Thursday, August 20, 2015

Dan Fogelberg

When I travel, I take our newer car, the 2012 Suzuki, because it has a CD player. Our older Honda Civic has a cassette player, but it eats cassettes instead of playing them. I usually bring ten or 12 CDs with me to play while I'm driving.

Two of the CDs I take often are by Dan Fogelberg: "Greatest Hits' from 1982, and "Twin Sons of Different Mothers" with Tim Weisberg, from 1978. I have other albums of his on vinyl.
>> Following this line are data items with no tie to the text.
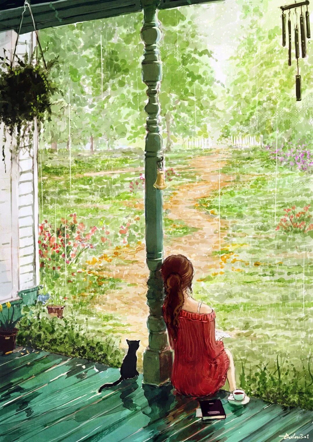 /色彩梦幻的氛围感女孩插画,画风唯美治愈,主题浪漫且具有创意
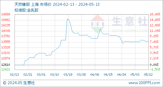 5月13日生意社天然橡胶基准价为13590.00元/吨
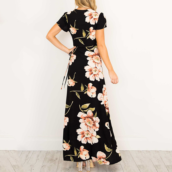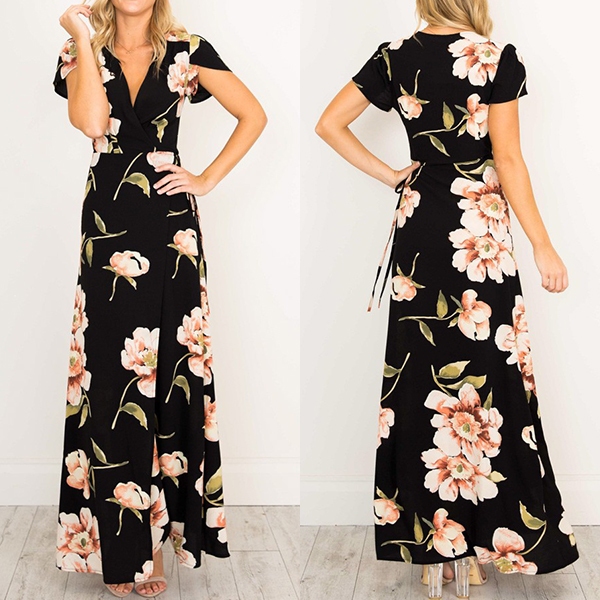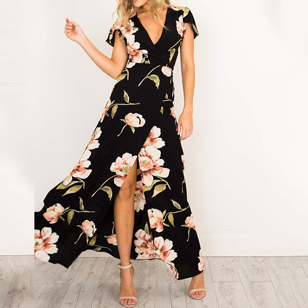 more attention. Its vibrant floral print design for a sweet and romantic vibe,while the deep v-neck and slit hem design
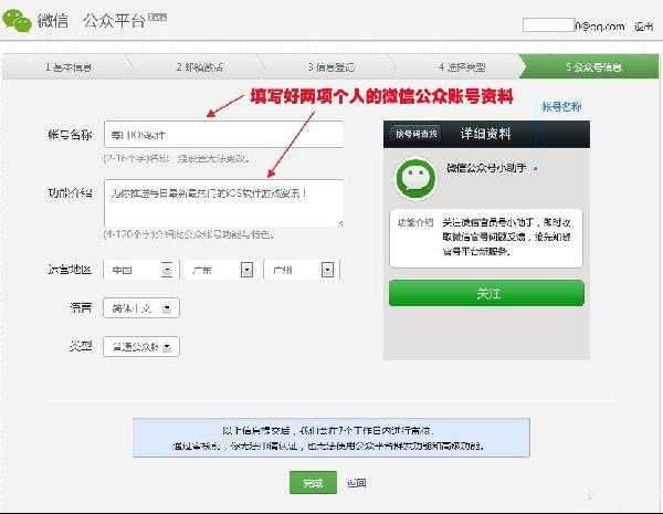 第五步:填写微信公众账号的信息,这里就根据个人的实际情况来填写。填写好的账号名称后粉丝就能直接在微信搜索你的名称找到你啦。例如你搜索开淘网就能找到开淘网啦
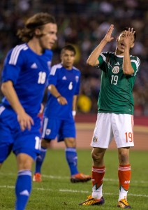 Oribe Peralta lamenta un gol fallado. Foto: Xinhua / Guillermo Arias
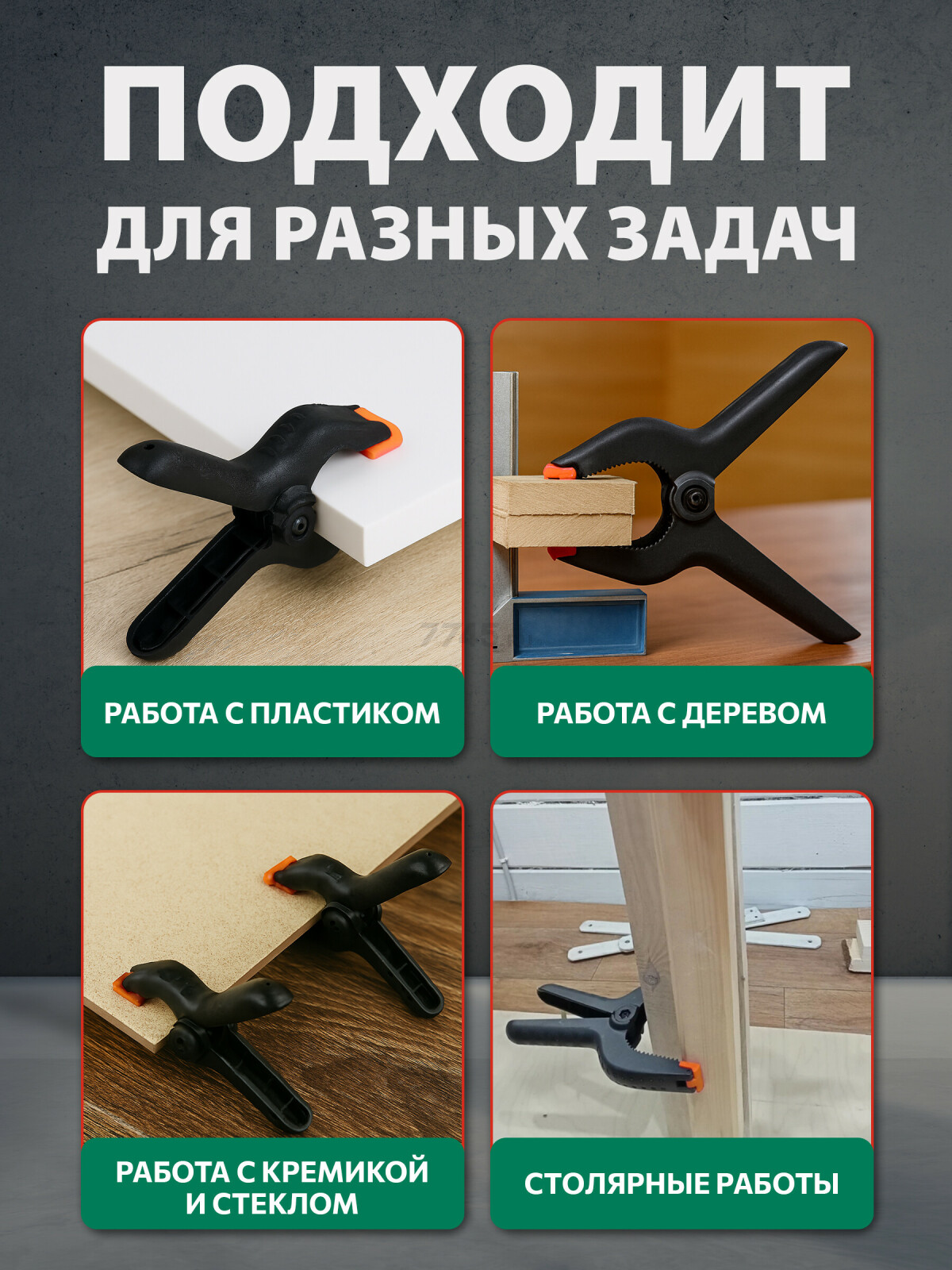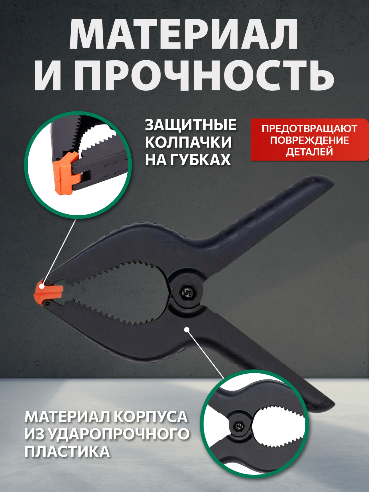 Струбцина пружинная 150 мм ВОЛАТ (14010-15) предназначена для закрепления деталей при склеивании и сборке изделий, можно использовать для зажима предметов и деталей из стекла или керамики (мягкие накладки не повреждают деталь). Представляет собой пластиковую прищепку с пружинным механизмом.
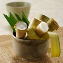 3. Tata contong janur di atas ampas kelapa. Tuang bahan I sampai 3/4 tinggi contong. Kukus 10 menit dengan api sedang.
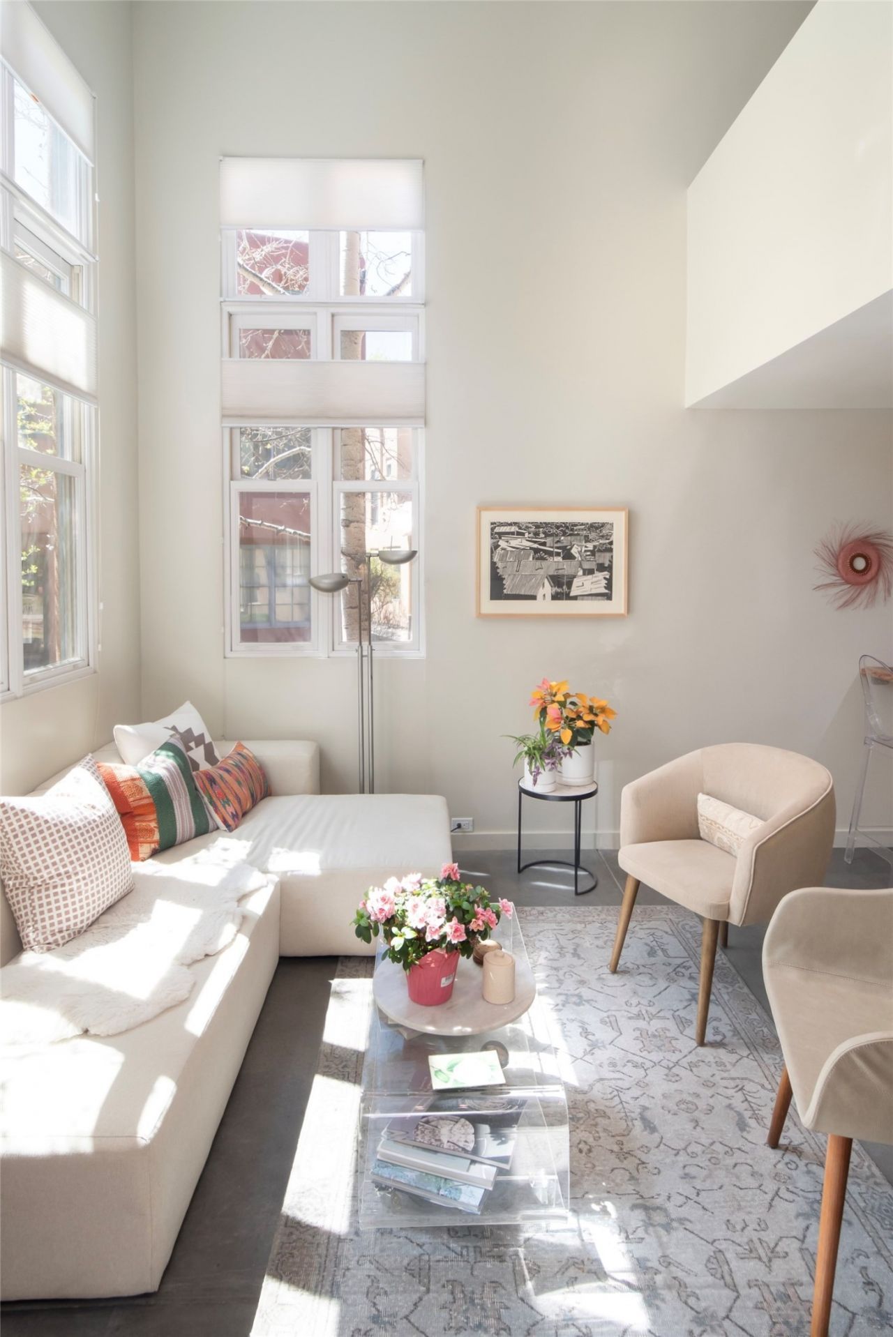 Located within the landscaped interior of the Lofts at Marquez Place, this bright and thoughtfully designed condo offers a unique blend of privacy, flexibility, and convenience. With a ground-level entrance and no unit above, the space lives quietly and comfortably. A rare highlight is the private, walled courtyard, ideal for outdoor living, pets, or a separate entrance for live/work use. Inside, the layout is both functional and distinctive. The kitchen is arranged in two connected areas, with additional storage and prep space tucked away, while a custom live-edge cherry and sapele wood counter by Boxcar Woody anchors the main living area. Stairs lead to the lofted sleeping space, with built-in storage below. The primary bedroom is located on the main level, with direct access to the courtyard and an adjacent bath. Zoned C-2, with short-term rentals permitted pursuant to the condominium declaration, the property offers flexibility for residential, creative, or professional use. All of this is just minutes from the Railyard, downtown, restaurants, and shopping, making it a well-located option for those seeking both convenience and versatility in Santa Fe.
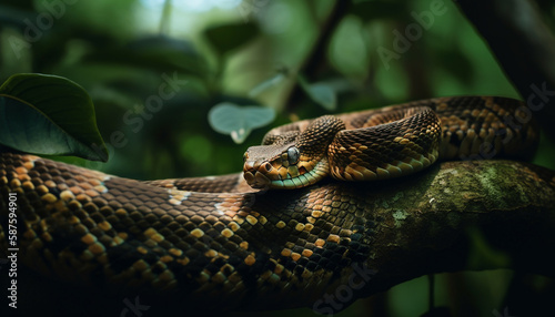 © Jeronimo Ramos, Naklejka premium Yellow viper spirals up branch, danger close generated by AI

Normally, I detest cheap sentiment. But I still cry at "Same Old Lang Syne" about running into an old girlfriend at a convenience store on New Year's Eve (and the scandal that he said "Met my old lover at the grocery store.." when gay men at the time called their partners their "lover."). And "Longer," probably the most unabashed love song in history, makes me sigh and get teary. For Rosh Hashana 2008, Pam and Mindy, a couple at BCC, the temple where I met Joe, made a wedding video, showing all the people married and engaged from our temple (including themselves) and set to Fogelberg and Weisberg's cover of Judy Collins' "Since You Asked." Joe and I were engaged at the time and appear in the video. I watch that at least monthly. I can't get a link up that works (darn technology!) but if you go to YouTube and look up "BCC Wedding Montage- No on 8" you can see it.

Maybe it's because I sing high tenor like him, and taught myself to play "Longer" on the piano and sing along. Working on that made me appreciate Fogelberg's talent.

Then there is the sleazy story of how, after a bad week trying to teach a class in Tallahassee for Social Security in 1980, a handsome young man at the gay bar in town took me home because, with my full dark beard , he thought I looked like Dan Fogelberg.

Dan Fogelberg was born in 1951, almost two years after I was born. He died of prostate cancer in December 2007, at the age of fifty-six. Another lesson in not envying people because you perceive them to be more talented, more successful or better looking.

Probably better not to think about why Dan Fogelberg's music moves me. I wouldn't want to think I'm a romantic at heart.